I didn't though, so the reported thought may be an approximation.
I stand by it though. I used to love transfers and though I wasn't actually sure that they still did them until Catie bought some, I can't believe there was a time when I could have bought transfers any time I wanted (for myself, not my kids) and still didn't. 
Transfers were an occasional treat of childhood - I by no means did them regularly, but the thrill of placing figures from a sheet of plastic on to any part of a background that you thought they might go was one of life's great pleasures. Second only to placing them on a place where they definitely didn't go.
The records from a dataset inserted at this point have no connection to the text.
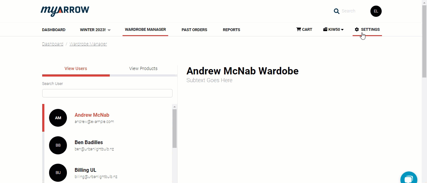 To do this, click on the Settings icon on the main navigation bar to navigate to the Account Settings page. Look for the Recycled Garments Tab and click.
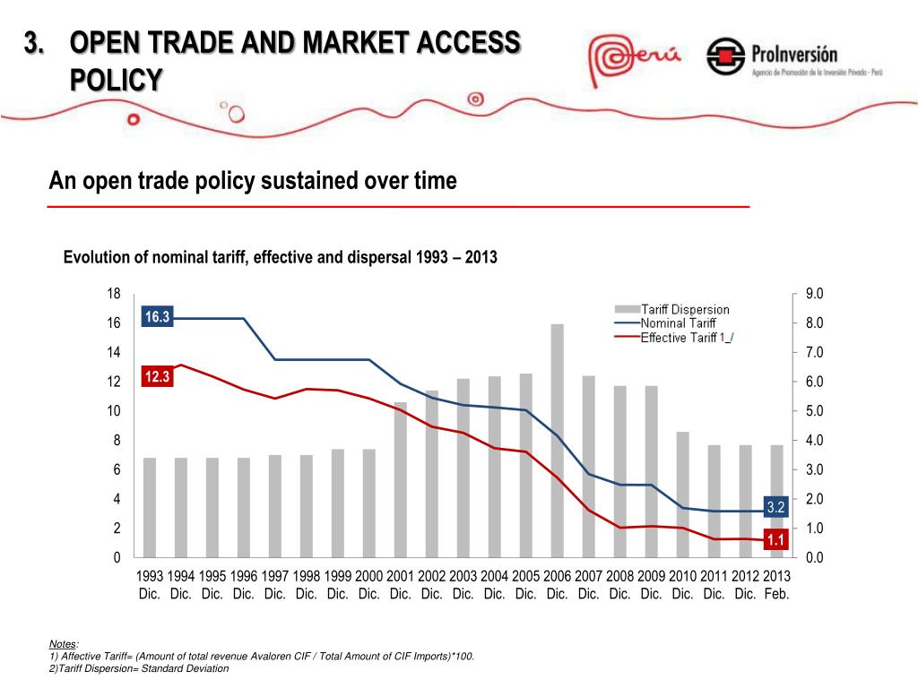 OPENTRADEANDMARKETACCESSPOLICY An open tradepolicysustainedover time Evolution of nominal tariff, effective and dispersal 1993 – 2013 Notes: 1) Affective Tariff= (Amount of total revenue Avaloren CIF / Total Amount of CIF Imports)*100. 2)Tariff Dispersion= Standard Deviation
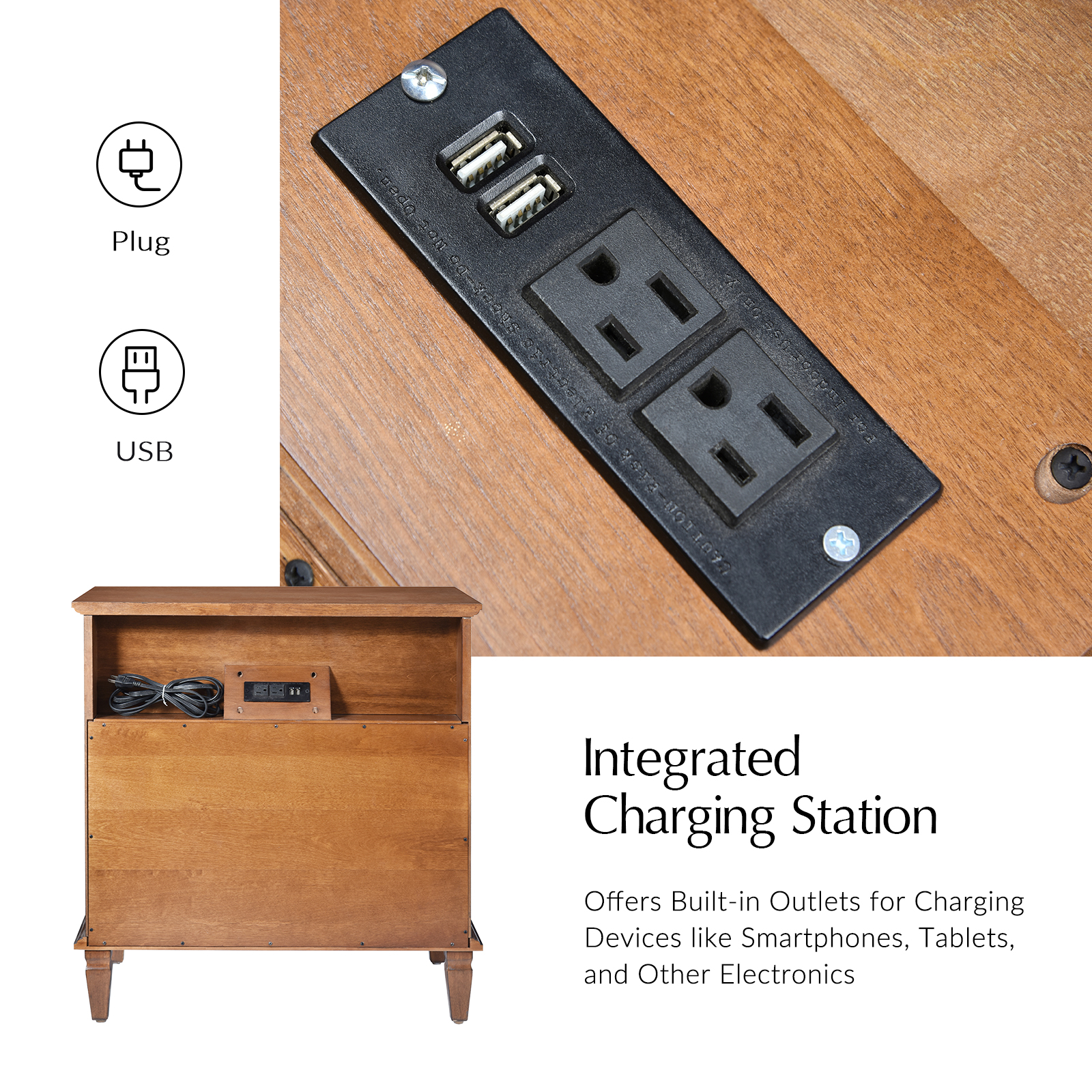 - Integrated Charging Station: Built-in outlets for convenient device charging.
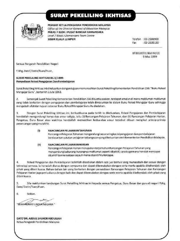 Surat Pekeliling Ikhtisas Bil 3 1999 Penyediaan Rekod Pengajaran Dan Pembelajaran
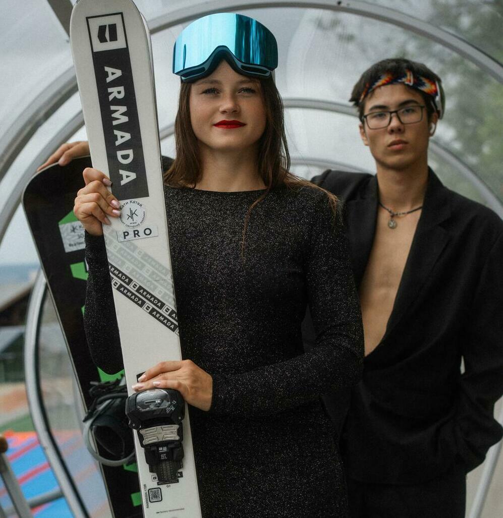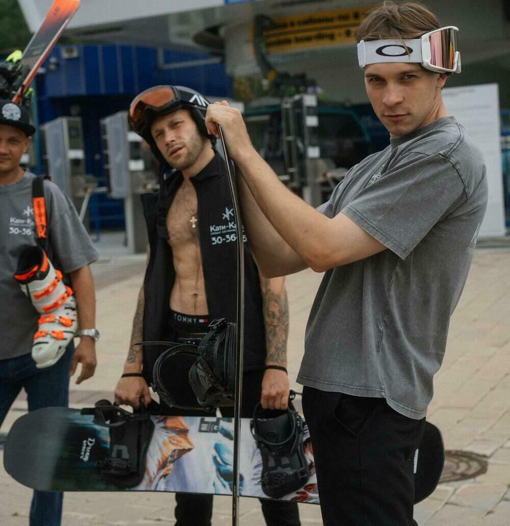 В комплект входит: лыжи/сноуборд, ботинки, палки, маска и шлем
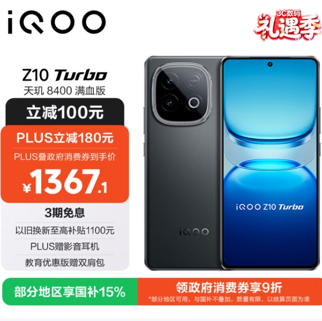 1248元包邮!iQOO Z10 Turbo 5G手机 12GB+256GB 星穹黑
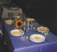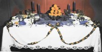 Die Dekoration besteht aus einer weißen, großen Kuchenplatte, zwei Sonnenblumen, einer Honigmelone, Farn (beliebiges Grün aus dem Garten) und Ebereschenzweigen. Dieses Arrangement hält auch ohne Wasser einen ganzen Tag. Die Servietten werden als "Smoking-Hemd" gefaltet und mit Schleifchen versehen. Faltanleitung: Smoking-Hemd.
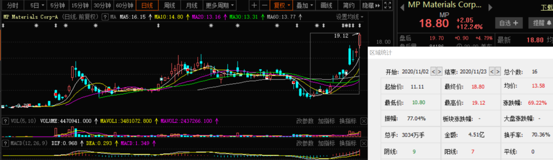 在美股市场,稀土股同样受到资金追捧。由盛和资源参股的全美唯一上市稀土矿商MP Materials昨日大涨12.24%。11月以来,其股价已飙升69%。MP Materials第三季度实现净利润1460万美元,是去年同期的5倍。
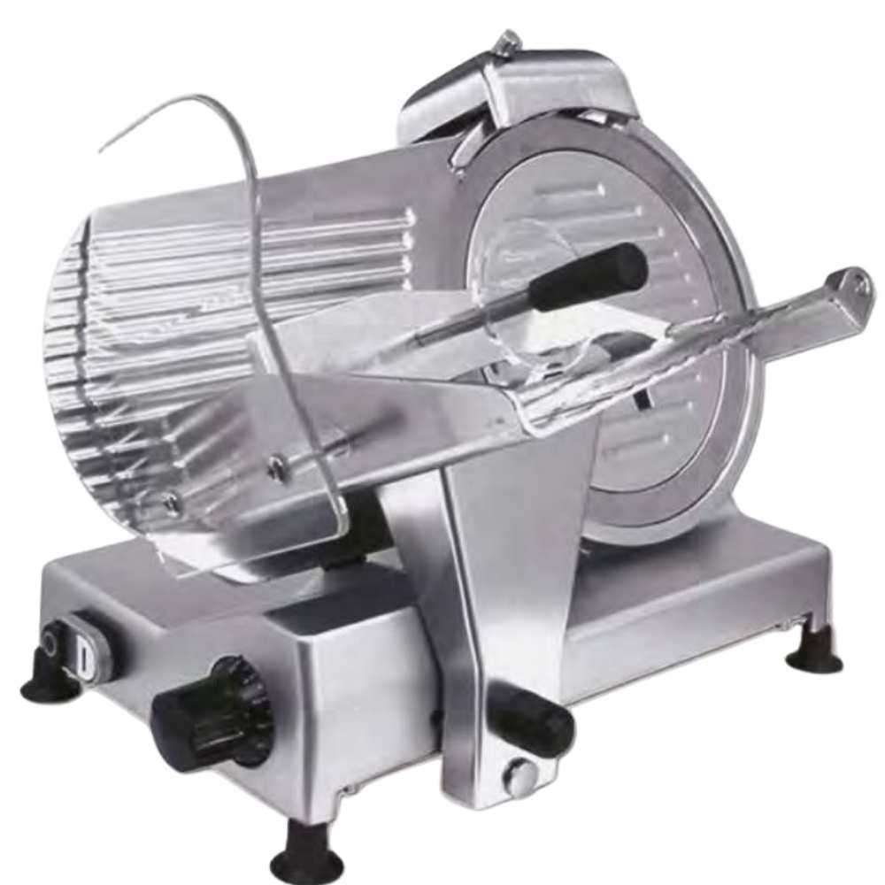 Cortadora de fiambres eléctrica Pujadas con cuchilla de 30 cm y motor de 250 W. Rendimiento continuo y alta precisión para hostelería.
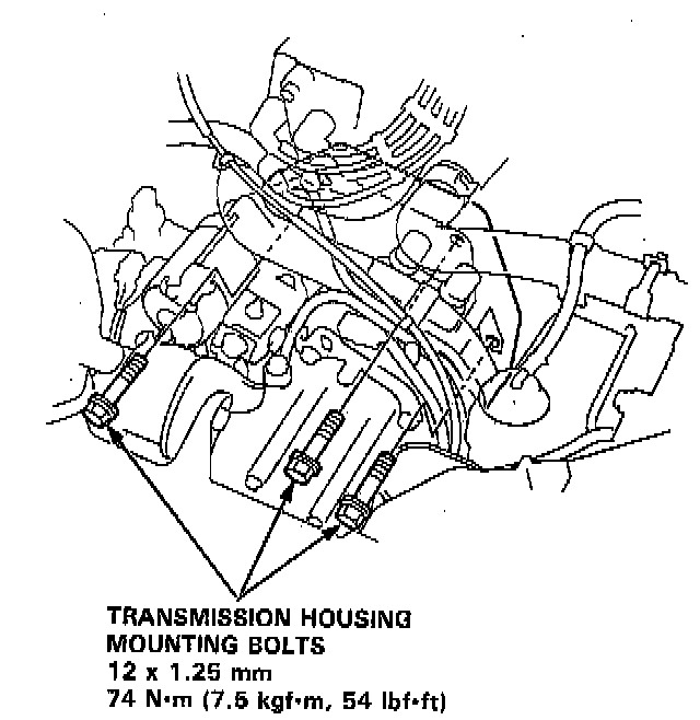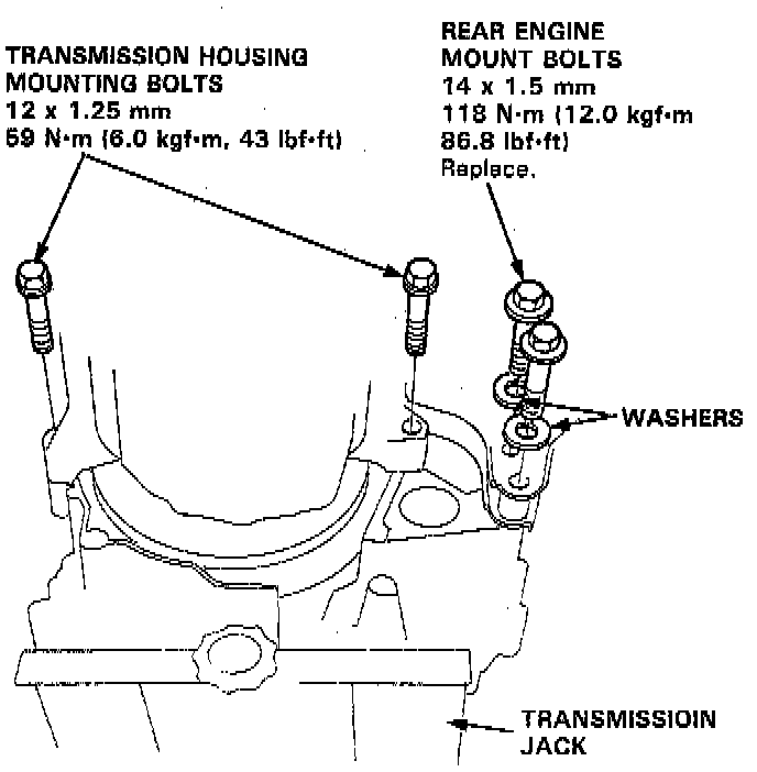 4. Attach the transmission to the engine, then install the transmission housing mounting bolts and two rear engine mounting bolts with new washers.
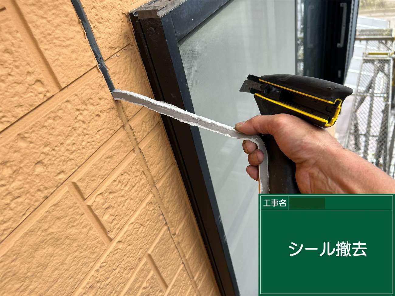 劣化した既存のシーリング材を撤去していきます。新しいシーリング材をしっかり密着させるためには、古いシールを完全に除去し、下地をきれいにすることが必要となります。
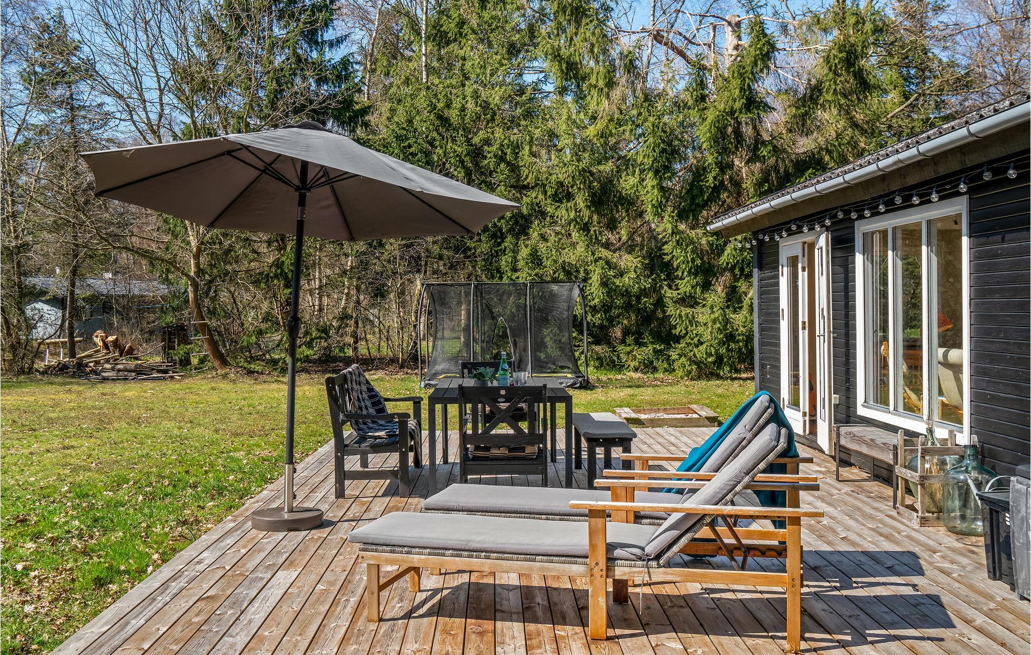 Se børnene lege på den store naturgrund, hoppe på trampolinen og grave i sandkassen, mens I sætter jer til rette på terrassen og nyder solen. Senere kan I nyde en lækker middag fra grillen.
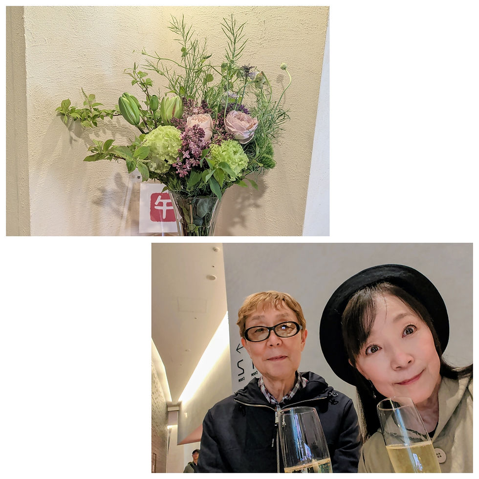 最後に昨日トムちゃんと美奈子ちゃんからもらったお花とお芝居が始まる前にスパークリングワインで乾杯してる礼ちゃん😎との2ショット。

I should have woken up, gone to Amazon and bought every transfer set they have - I bet I could afford to own all of them - and spent the rest of the week doing them. But in the morning, doing transfers didn't seem as important as it had as I was falling asleep.
Don't get me wrong, It was still important, but self-consciousness had kicked in.
Ernie was delighted to get his transfers and did them straight away. He was right to be pleased. There will come a time when he is older and it's time to put away transfers. And one day, when he's 58 he might lie in bed wondering when he last did transfers and why he stopped and why he isn't spending 50% of his wages on transfers.
And he won't have the answer.
Thanks very much to Substack subscriber 
GoldmanT  who (within about half an hour of me publishing yesterday's blog) commented,
"Due to the marvel that is public records and genealogy 
websites, I can confirm that Margaret (and likely Mary) was a spinster. 
She was born in St Petersburg, Russia, to Scottish parents, both of whom died when she was aged 37. Her younger siblings and some nieces and nephews were born in Russia so seems like the family were established there for a while. And Margaret and Mary must have had a lovely trip to Finland in 1920, aged 60, as they were recorded re-entering Southampton via Copenhagen. Or perhaps the Arctic cold is what finished Margaret off, as she died four weeks later.
Who knows what a Scottish family were doing in St Petersburg - maybe you were drawn to the gravestone of someone who actually spoke to Rasputin....
If the trip from Finland was actually the return from Russia then it's possible that Mary and Margaret met Rasputin and vaguely possible that they were drawn in by his sexual magnetism and had relations with him (though they'd have been in their fifties by then and we all know that it's disgusting if anyone in their fifties has sex - although I don't think Rasputin was that fussy).
Anyway with readers like this (and others also provided me with the same info) it's possible that the Richard Herring show "Who Do I Think They Are?" could come to fruition. Which Hitchin stiff shall we do next? If you have any more info on the sisters then do let me know!
The internet can be beautiful, my friends. Imagine if we used it for education and coming closer together, rather than racism and trying to destroy the planet Earth.